The perforated plate 6 includes a groove or gutter 7 which accurately 
defines the shape of the narrow channel C. 
The antivibration support of FIGS. 1 to 3 also includes a metal arch 8 
which is rigidly secured to the base plate 2. The arch 8 surrounds the 
first strength member 1 and the elastomer body 3, and it extends parallel 
to the axis X. 
In the example shown, the arch 8 is a folded plate which covers all of the 
elastomer body so as to protect it from shocks from foreign bodies. This 
is advantageous insofar as the thin wall 5 is fragile and exposed beside 
the thick wall 4. 
The arch 8 includes two lateral extensions 8.sub.1 on respective sides of 
the elastomer body 3. Each of these lateral extensions covers a portion of 
the perforated plate 6 which itself overlies the second strength member. 

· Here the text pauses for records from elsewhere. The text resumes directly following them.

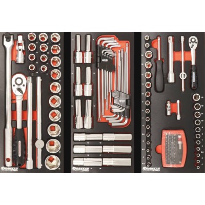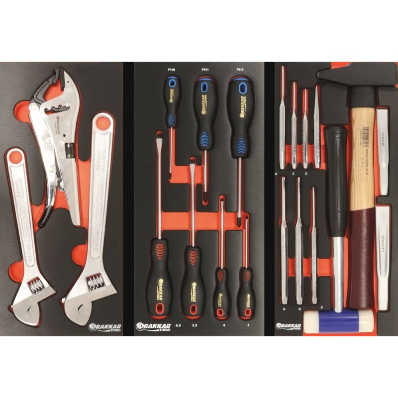 Superfície de trabalho em ABS com reentrância para 6 chaves de fenda, 2 sprays.
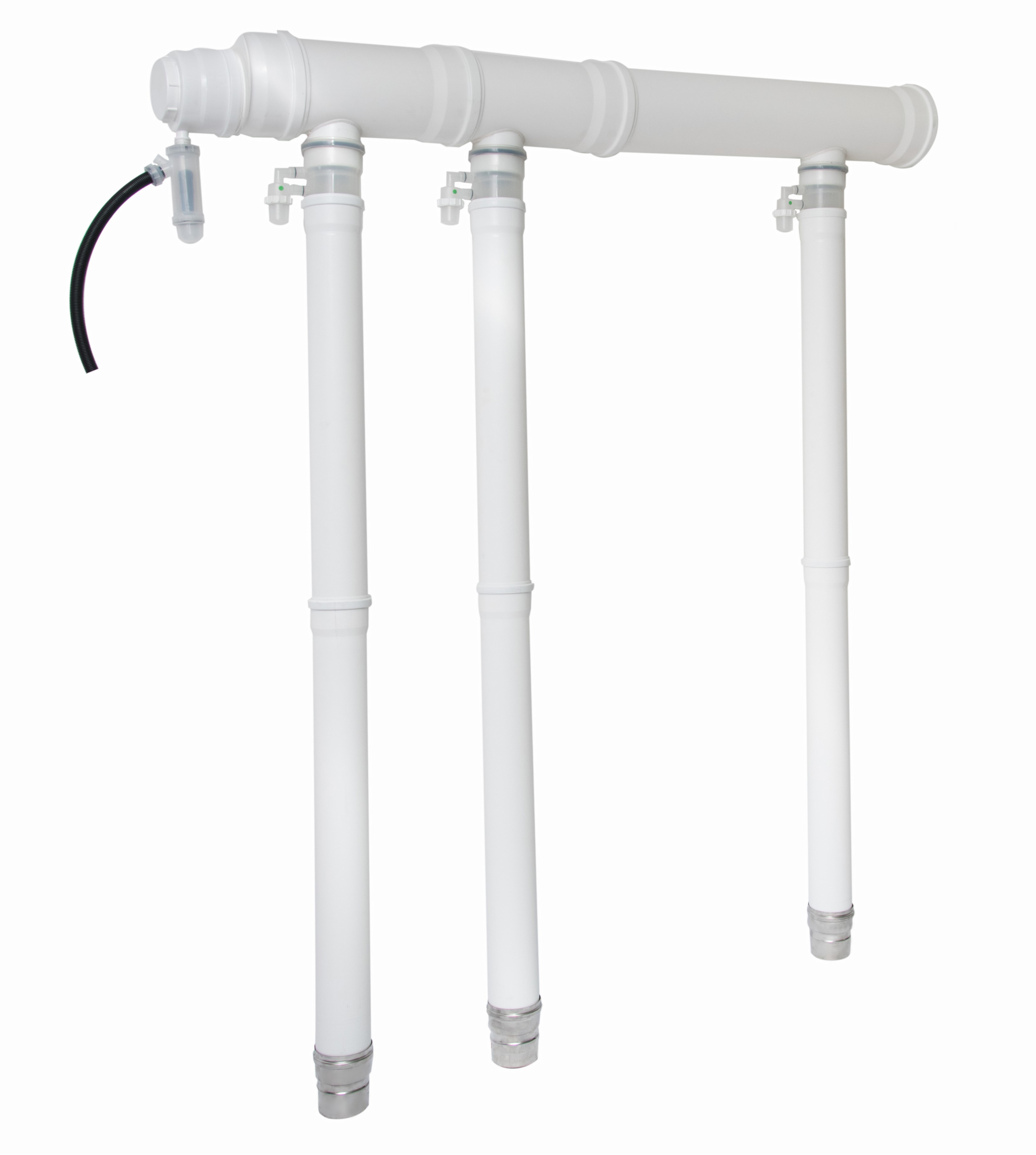 Материал полипропилен. Соответствует действующим европейским правилам EN 483, EN 14471. Класс давления системы Н1/5000 Па. Максимальная температура 110 ºС. Подходит как для влажных так и для сухих дымовых газов. Сифон для слива конденсата включен в комплект поставки. Подключения к котлам оснащены обратным клапаном для предотвращения перетока дымовых газов от работающего котла через неработающий в помещение.
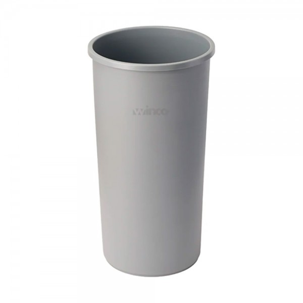 The Winco PTCR-22G is a trash can with a capacity of 22 gallons. It has a slim round shaped design that is great for office or lobby area applications. The funnel top lid is not included with the PTCR-22G.
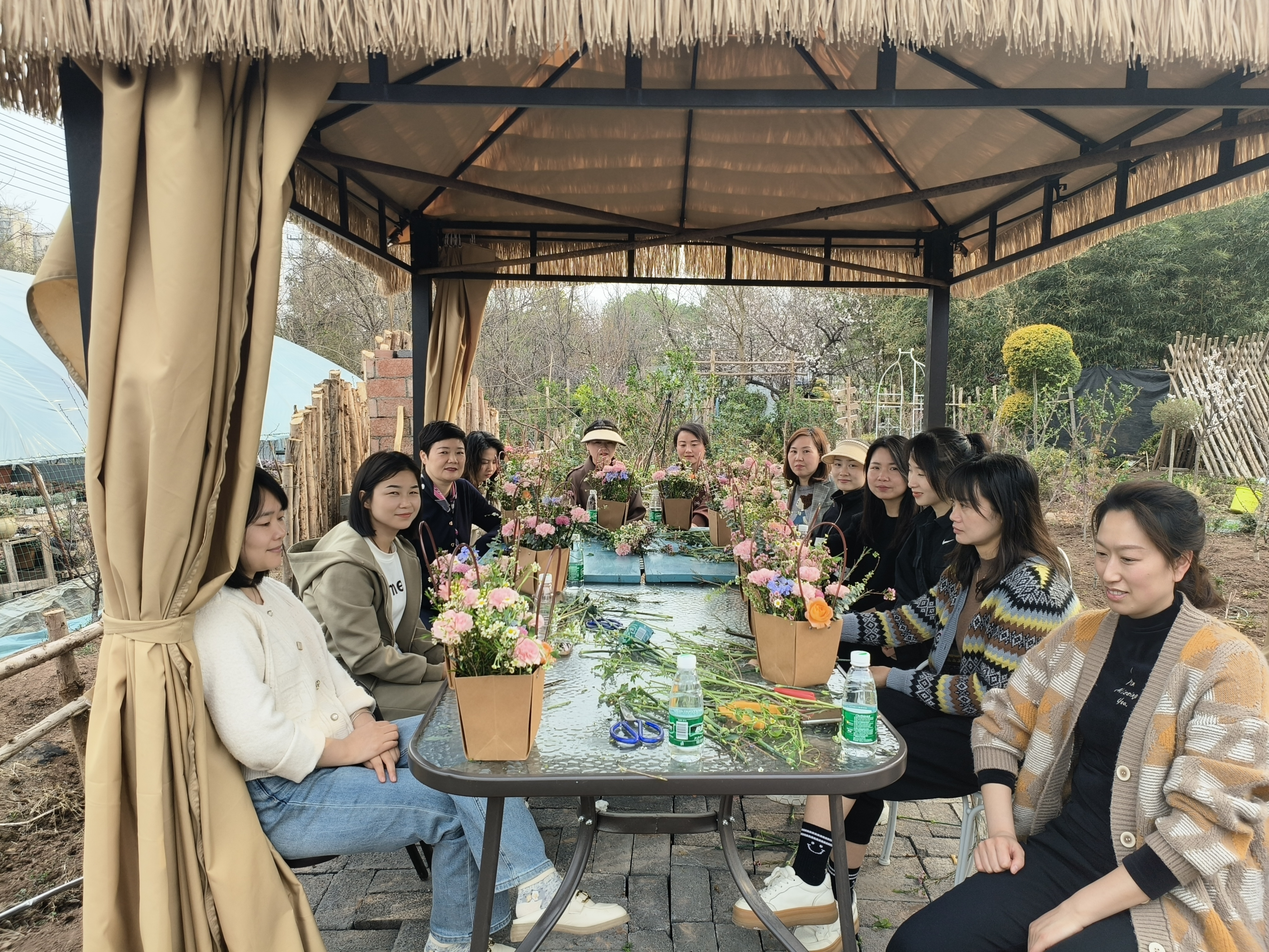 活動在輕松愉快的氛圍中開始,專業(yè)花藝?yán)蠋煼謩e從鮮花的取材、剪葉,插花的顏色搭配和層次布局等方面給大家進(jìn)行了細(xì)致的介紹。經(jīng)過半個多小時的嘗試和探索,一盆盆優(yōu)雅別致的插花作品呈現(xiàn)在春日的暖陽中。

In addition, in each of the extensions 8.sub.1, all three elements are 
pierced by a respective hole 16. 
The holes 16 enable the antivibration support to be secured to a rigid part 
by means of screws or bolts (not shown), while also providing additional 
fastening between the various portions of the antivibration support by 
clamping the extensions 8.sub.1 onto the plate 6 and the second strength 
member 2. 
To co-operate with the arch 8, the elastomer body 3 includes a first boss 9 
which extends parallel to the direction Z from the first strength member 1 
and away from the base plate 2. This boss 9 is adapted to come into 
abutment against the top portion of the arch 8, thereby limiting the 
displacement of the first strength member going away from the base plate 
2. 
The elastomer body also has lateral bosses 11 and 12 that are substantially 
diametrically opposite about the first strength member 1, and that are 
adapted to come into abutment against the arch 8 whenever the first 
strength member is moved substantially perpendicularly to the axis X and 
to the direction Z. 
The first strength member 1 also includes a projecting zone 1a and the base 
plate 2 includes a zone 2a beneath said zone 1a of the first strength 
member, the zone 2a being occupied neither by the working chamber nor by 
the compensation chamber. 
An elastomer block 50 is placed in this zone 2a of the base plate, which 
block is preferably integrally formed with the elastomer body 3 and is 
also preferably secured to the base plate 2, the block 50 being molded 
over the perforated plate 6. 
The elastomer block 50 limits movements of the first strength member 1 
towards the base plate 2 parallel to the main vibration direction Z. 
This makes it possible to avoid having a boss projecting from the inside 
surface 4.sub.2 of the elastomer body where it defines the working chamber 
A, given that such a boss would reduce the effectiveness of the 
antivibration support at high frequency, particularly at about 400 Hz. 
The variant of FIGS. 4 and 5 is similar to the embodiment of FIGS. 1 and 3. 
It is therefore not described in detail below, and only the differences 
between this variant and the embodiment of FIGS. 1 to 3 are explained. 
In the variant shown in FIGS. 4 and 5, the device does not have the 
elastomer block 50, instead the base plate 2 has a boss 60 which may be 
made by stamping, in particular, and which projects into the working 
chamber A to limit movements of the first strength member 1 towards the 
base plate 2 along the main vibration direction Z. 
As in the embodiment of FIGS. 1 to 3, this makes it possible to avoid using 
a boss projecting from the inside surface 4.sub.2 of the elastomer body 
that defines the working chamber A, given that such a boss would reduce 
the effectiveness of the antivibration support at high frequency, in 
particular in the region of 400 Hz.